Videoball is a minimalist sports video game by Action Button Entertainment. Up to six human and computer-controlled players form two teams. Each uses an analog stick and a single button to control triangles that shoot charged projectiles at a ball and other players. The objective is to knock the ball into the opposing team's goal. Apart from exhibition matches, the game has a scenario challenge-based Arcade mode, and supports online team and ranked multiplayer matchmaking. Videoball has a simple visual style with bright colors, basic shapes, and many customization options.

The game originated in a dare to make a "one-button StarCraft. Videoball designer and Action Button founder Tim Rogers prototyped the game and challenged himself to keep its game mechanics spartan and accessible, yet challenging for competitive players. Action Button and publisher Iron Galaxy released Videoball for PlayStation 4, Windows, and Xbox One platforms on July 12, 2016. Linux and OS X releases were planned, but have since been cancelled. Videoball received favorable reviews. Critics praised the precision and craft of its game design as well as its welcoming aesthetics but remarked that its visual simplicity belied the depth of its gameplay.

== Gameplay ==

Videoball plays as a two-dimensional hybrid of air hockey and soccer on a single screen. Players form two teams of one to three players. Each player uses an analog stick to control a triangle-shaped avatar and presses a single button to shoot triangle-shaped projectiles. The object of the game is to knock one or more circular balls into the opposing team's goal. Players hold the button to charge a shot, which fires upon release. The projectile can propel the ball, block other projectiles, and incapacitate opponents. Since the shot is triangle-shaped, it can only drive the ball for some distance before the ball veers off-course.

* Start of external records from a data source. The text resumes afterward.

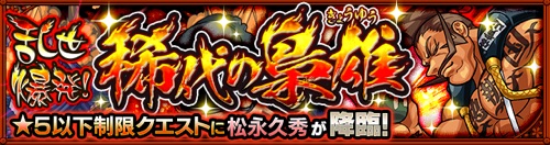新イベ降臨はこれにて終了(゚∀゚) 周回するのに適性90がなかなか居ないって人は今のイベントキャラの佐助を作って周ると良いですよ。 ちなみに松永久秀は新爆絶サキミタマの枠としても優秀なのでまだの人にはオススメです。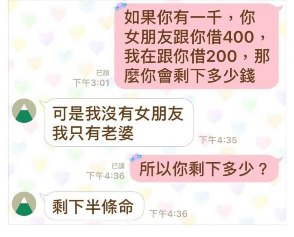 【老師:宸君今天你有一百元,你老婆跟你借了10元,你還剩多少錢?宸君:0元老師:你根本不懂數學!宸君:你根本不懂我老婆。】。
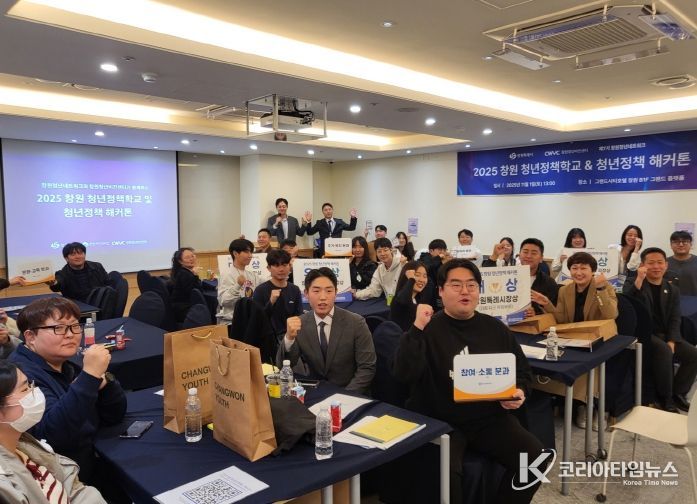 코리아타임뉴스 오영주 기자 | 창원청년비전센터는 1일 그랜드시티호텔 창원에서 열린 ‘2025 창원 청년정책학교 & 해커톤’을 성황리에 마무리했다고 밝혔다. 이번 행사는 창원 청년 네트워크가 기획했으며, 지역 청년 약 30명이 9개 팀으로 참여해 청년의 눈으로 본 현실적 정책 아이디어를 제시했다.

The longer the player charges their shot, the more powerful the projectile becomes. A tap of the button shoots a small, low-impact projectile that disintegrates upon impact. A medium tap, about a second long, creates a larger, persistent triangle that dribbles the ball as long as the two continue to make contact. The third charge level shoots a large triangle that fires the ball with explosive force. This "slam" can be reversed by an opponent by firing any projectile into the slammed ball. If held for an additional second, the fourth level of a charged shot creates a defensive square barrier for the player to place on the playing field. These square barriers will disintegrate upon absorbing player projectiles. Player triangles that collide with balls or projectiles are knocked back and briefly incapacitated. Many of the game's common actions are named. For instance, players hit by projectiles are "tackled" and projectiles that hit projectiles are "intercepted".

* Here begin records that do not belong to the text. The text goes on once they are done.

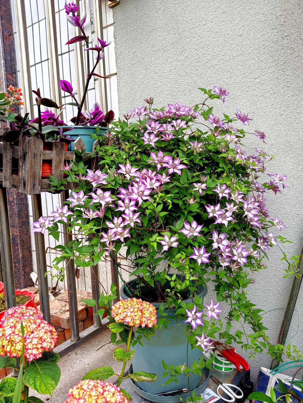 台友们有没有发现,刚网购的铁线莲看着精神,养几天就可能被病虫害盯上? 不用慌,咱先揪出最常见的 “捣蛋鬼”,一个个收拾! 首先是虫害里的 “老熟人”—— 红蜘蛛! 这玩意儿就爱高温干燥的环境,阳台要是闷得慌、叶子老干巴巴的,它准来爬叶背。 预防特简单:多开窗通风,每天早晚往叶片背面喷点水,湿度上来了,红蜘蛛就不敢作妖。 要是已经看见叶背有小红点、叶子发脆,别犹豫,赶紧用阿维哒螨灵,按说明稀释后重点喷叶背,连喷两次,间隔 3 天,基本就能把它清干净。 再说说病害里的 “俩难缠户”—— 白粉病和立枯病。 白粉病就是叶子上蒙了层 “白霉”,一擦还掉。 立枯病更狠,茎秆会变褐腐烂,严重的整株都蔫。 对付它们,“预防比治省事多了”! 春天下完雨、梅雨季潮湿时,赶紧喷次多菌灵或甲基托布津,一周一次,连喷两周,把病菌堵在门外。 要是已经发病,先把病叶、病枝剪了,然后换用醚菌酯喷,喷的时候叶子正反面、茎秆都要顾及到,很快就能控制住。 注意: 1.剪下来的病叶、病枝别扔花盆里,容易传染! 2.打药别选大太阳天,傍晚喷最好,不然容易烧叶。 只要盯紧通风和湿度,铁线莲就能安安稳稳长藤开花。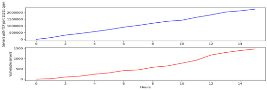 - We scan over literally the whole IPv4 address space for finding servers with TCP port 11211 opens, which is the default port of memcached service. This takes more than 15 hours on our machine. And we discovered more than 2 million servers opens TCP port 11211.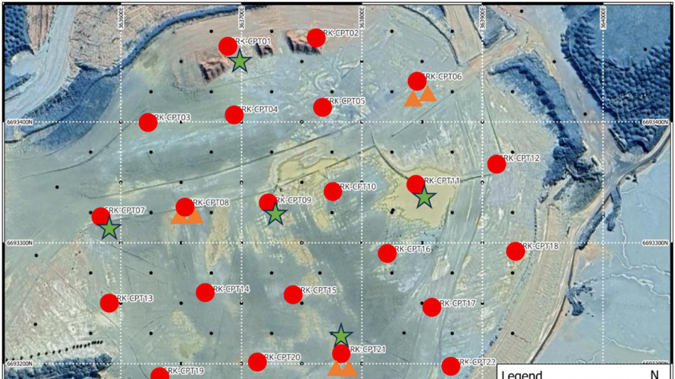 The program included 5 sonic drill holes to recover TSF1 materials for lab testing, 24 holes for Cone Penetration Testing ( CPTu ) and further laboratory testing, and 3 holes each for vein shear testing (VST) and bulk density (BD) testing. Results will inform TSF1 detailed mine design, equipment selection, and operating cost estimates.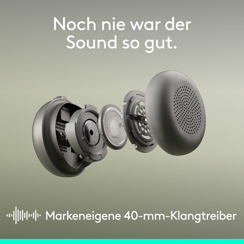 Logitech Zone Wireless 2 ES – kabelloses Headset mit Geräuschunterdrückung, adaptiver Hybrid-ANC, Bluetooth, Grauweiß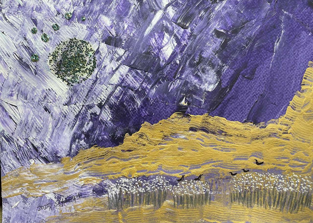 ★ 그림설명 : 종이에 복합재료로 그린 그림 가을이 지나가고 있다. 가을은 주로 노란색을 거리에 흩뿌리는 것으로 투정을 하다가 순식간에 겨울에 흡수되고 만다. 하늘이 산처럼 앞을 막아섰다.낮에 머뭇거리고 들켜버린 달은 눈물을 흘리다. 보랏빛 하늘은 갈대들의 박수를 받고 있다.갈대들의 박수에 신바람이 난 새들은 덩달아 하늘을 향해 춤을 추고 있다. 겨울이 오고 있다.외로움을 안고 달려오는 겨울바람이 분다. ● 2025년 11월의 마지막 목요일에~~ 손녀가 드디어 앉았다.지난 주 수요일에 보니 누었다가 일어나 앉으려무던히도 애를 쓰는 모습을 보고 왔다. 이제 9개월에 접어든다.태어난 후 9개월이면 앉기도 한다.우리 아이들을 기를 때의 일을 까마득하게 잊었다. 요즘 딸이 ..
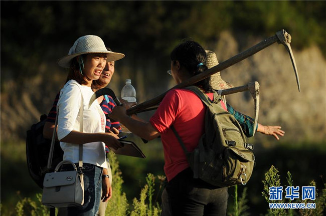 貴州省石阡縣坪山鄉(xiāng)大坪村監(jiān)委會(huì)主任左艷(左一)與下地勞作歸來的村民交談(2018年8月29日攝)。新華社記者 楊文斌 攝

The game supports up to six human or artificial intelligence players in local and online multiplayer, except on the PlayStation 4, which has a human player limit of four per console. Videoball has team and ranked matchmaking multiplayer modes. There is no set practice game mode, but players can train against computer-controlled opponents in exhibition matches and the scenario-based Arcade mode, in which the player faces two computer-controlled opponents in specific level configurations. The Arcade mode artificial intelligence personalities each have fitting names, such as Homer (who stays near its endzone) and Punchy (who bullies players with projectiles). Some work in pairs to establish gameplay concepts, such as Tippy, who passes the ball to Toppy, who maintains the top of the field.

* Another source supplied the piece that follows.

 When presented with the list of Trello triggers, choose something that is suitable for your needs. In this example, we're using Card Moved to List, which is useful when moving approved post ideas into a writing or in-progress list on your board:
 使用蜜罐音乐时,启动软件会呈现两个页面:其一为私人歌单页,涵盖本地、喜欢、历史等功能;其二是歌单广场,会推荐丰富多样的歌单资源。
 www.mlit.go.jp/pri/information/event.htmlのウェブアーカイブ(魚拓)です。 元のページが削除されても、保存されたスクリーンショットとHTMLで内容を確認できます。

Videoballs rules are fully customizable. Players choose from several color schemes, field layouts and patterns, and the number of balls in play. They can also choose the time limit and allow for special scoring, in which special shots count as more than one point. The game is visualized in all solid, bright colors and basic shapes, and features voiceover announcers. Games last an average of four minutes, though they can last several times more.

== Development ==

Videoball designer Tim Rogers describes the game as "an abstract minimalist electronic sport". Its development began as a dare from QWOP developer Bennett Foddy, Rogers's friend, to make a "one-button StarCraft. Rogers, the founder of Action Button Entertainment, made what he estimated as 40 or 50 inconsequential prototypes before adding an analog stick to the button. Videoball evolved from a slow-paced strategy game to a fast-paced sports game as it graduated from early prototypes.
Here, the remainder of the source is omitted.